• DATA SUPPLIED:

+---+

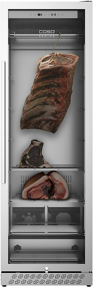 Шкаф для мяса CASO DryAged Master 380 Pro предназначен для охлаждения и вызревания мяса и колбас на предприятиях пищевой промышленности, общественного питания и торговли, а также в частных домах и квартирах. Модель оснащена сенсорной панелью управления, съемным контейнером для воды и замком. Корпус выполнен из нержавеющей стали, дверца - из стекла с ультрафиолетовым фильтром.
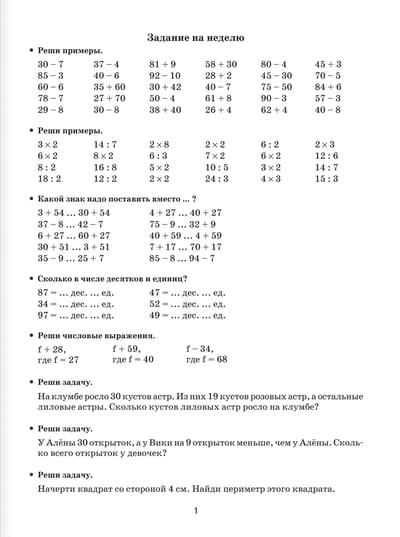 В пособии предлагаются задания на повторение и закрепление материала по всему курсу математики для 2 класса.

+---+

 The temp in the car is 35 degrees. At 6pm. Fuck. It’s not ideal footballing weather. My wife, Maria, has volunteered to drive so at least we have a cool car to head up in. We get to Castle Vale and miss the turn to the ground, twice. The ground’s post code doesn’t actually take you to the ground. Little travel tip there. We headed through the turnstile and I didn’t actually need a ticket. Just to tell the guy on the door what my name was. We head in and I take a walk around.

+---+

• WHAT TO PRODUCE: Could the stretch from the line with "Шкаф для мяса" through the line with "В пособии предлагаются" in the listing above be restated word for word, minus the pictures?

• WRITTEN SOLUTION:
 Шкаф для мяса CASO DryAged Master 380 Pro предназначен для охлаждения и вызревания мяса и колбас на предприятиях пищевой промышленности, общественного питания и торговли, а также в частных домах и квартирах. Модель оснащена сенсорной панелью управления, съемным контейнером для воды и замком. Корпус выполнен из нержавеющей стали, дверца - из стекла с ультрафиолетовым фильтром.
 В пособии предлагаются задания на повторение и закрепление материала по всему курсу математики для 2 класса.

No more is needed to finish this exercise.